La Sicile est une terre profondément enracinée dans le mythe. Des profondeurs du détroit de Messine aux sommets de l’Etna, des côtes ioniennes aux îles du vent, l’île est depuis toujours le théâtre de légendes où se mêlent nature, histoire et imagination. Dieux grecs, nymphes, héros de l’Antiquité et créatures légendaires peuplent les villages, les villes et les paysages spectaculaires, donnant vie à un patrimoine culturel d’une richesse symbolique et d’un pouvoir de fascination exceptionnels. Voyager à travers la Sicile des mythes, c’est entreprendre un itinéraire au cœur de la mémoire et de l’identité la plus profonde de l’île.
La Sicile orientale : entre dieux, amours et géants
Parmi les récits les plus emblématiques figure la légende de Colapesce, symbole de l’amour viscéral des Siciliens pour leur terre. À Messine, la tradition raconte que ce jeune pêcheur aux dons extraordinaires fut mis à l’épreuve par Frédéric II, avant de se sacrifier pour assurer le salut de l’île. Aujourd’hui encore, on dit que Colapesce soutient l’une des trois colonnes sur lesquelles repose la Sicile, l’empêchant de sombrer dans la mer. Dans le même détroit de Messine prennent également forme les légendes de Scylla et Charybde, monstres marins qui déchiraient et engloutissaient les navigateurs, ainsi que celle de la célèbre Fata Morgana, un mirage optique qui fascina jusqu’aux Normands et inspira de nombreux récits légendaires.
La puissance de l’Etna : feu, dieux et chevaliers
Majestueux et toujours actif, l’Etna occupe une place centrale dans la mythologie. Pour les Grecs, il était la demeure d’Héphaïstos, dieu du feu et forgeron des dieux, qui façonnait ses armes dans une forge souterraine. On croyait également que le volcan abritait l’un des accès au Tartare, le royaume des morts. Une légende anglo-normande raconte que le roi Arthur, de passage en Sicile pour une mission spirituelle, se serait adressé à l’archange Michel, qui ressouda Excalibur grâce à la lave de l’Etna. Le volcan devient ainsi un trait d’union entre le mythe antique et la légende chevaleresque médiévale.

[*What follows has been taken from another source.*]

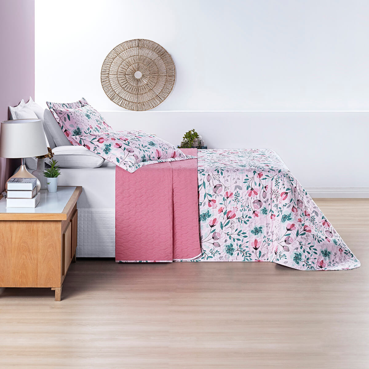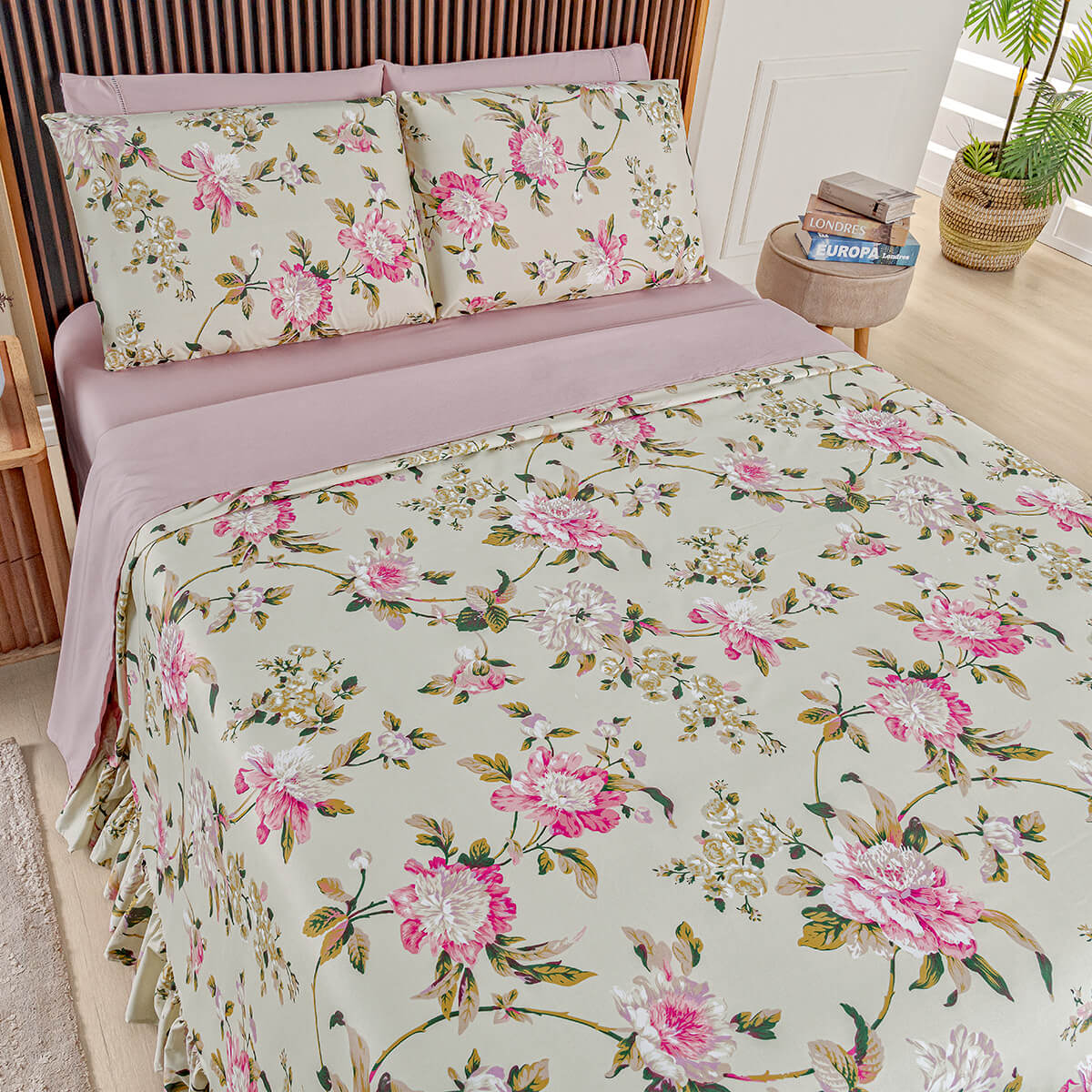 Kit Coordenado Queen Nina 7 Peças 400 Fios: Um Jardim de Rosas na sua Cama - NinaKit Coordenado400 FiosTransforme seu quarto em um refúgio romântico com o Kit Coordenado Queen Nina. Conjunto de 7 peças com colcha estampa floral e jogo de lençol liso.Colcha 3 Peças1 Colcha 2,60m x 2,40m2 Porta travesseiros 70cm x 50cmComposição:Percal 400 Fios | 100% PoliésterLençol Completo 4...QUEEN a partir de

Ulysse, Polyphème et les côtes des Cyclopes
De nombreux chercheurs situent en Sicile certaines étapes de l’Odyssée. L’épisode d’Ulysse et Polyphème se serait déroulé sur les pentes de l’Etna, près d’Acitrezza, où les faraglioni des Cyclopes sont identifiés comme les blocs de lave lancés par le géant aveuglé. À quelques kilomètres de là, les toponymes d’Acireale, d’Acicastello et d’Acitrezza perpétuent le mythe tragique d’Aci et Galatée, le berger et la nymphe séparés par la jalousie de Polyphème. Aci fut transformé en fleuve, dont les eaux s’écoulent encore aujourd’hui jusqu’à la mer.
La source Aréthuse, Capo Passero et les escales mythologiques
Au cœur de Syracuse, la source Aréthuse est dédiée à la nymphe qu’Artémis transforma en source afin de la soustraire à Alphée. La source jaillit encore aujourd’hui sur l’île d’Ortygie, haut lieu sacré de la mythologie antique. À l’extrême sud de la Sicile, entre Capo Passero et l’île des Courants, la légende veut qu’aient navigué Ulysse et Énée, faisant de ces rivages des gardiens d’escales épiques, où mythe et géographie se confondent.
Perséphone, les Truvature et les îles des vents
Au cœur de l’arrière-pays, près du lac de Pergusa, aux abords d’Enna, se situe le mythe de l’enlèvement de Perséphone. Fille de Déméter, enlevée par Hadès, elle incarne le cycle éternel des saisons. Le folklore populaire sicilien évoque également les Truvature, des trésors cachés protégés par des sortilèges, souvent associés au personnage de Giufà, figure emblématique de nombreuses histoires traditionnelles. Enfin, selon la mythologie grecque, les îles Éoliennes étaient la demeure d’Éole, dieu des vents, tandis que les monts Nébrodes accueillaient les rites des bacchantes en l’honneur de Dionysos, dieu du vin et de la nature.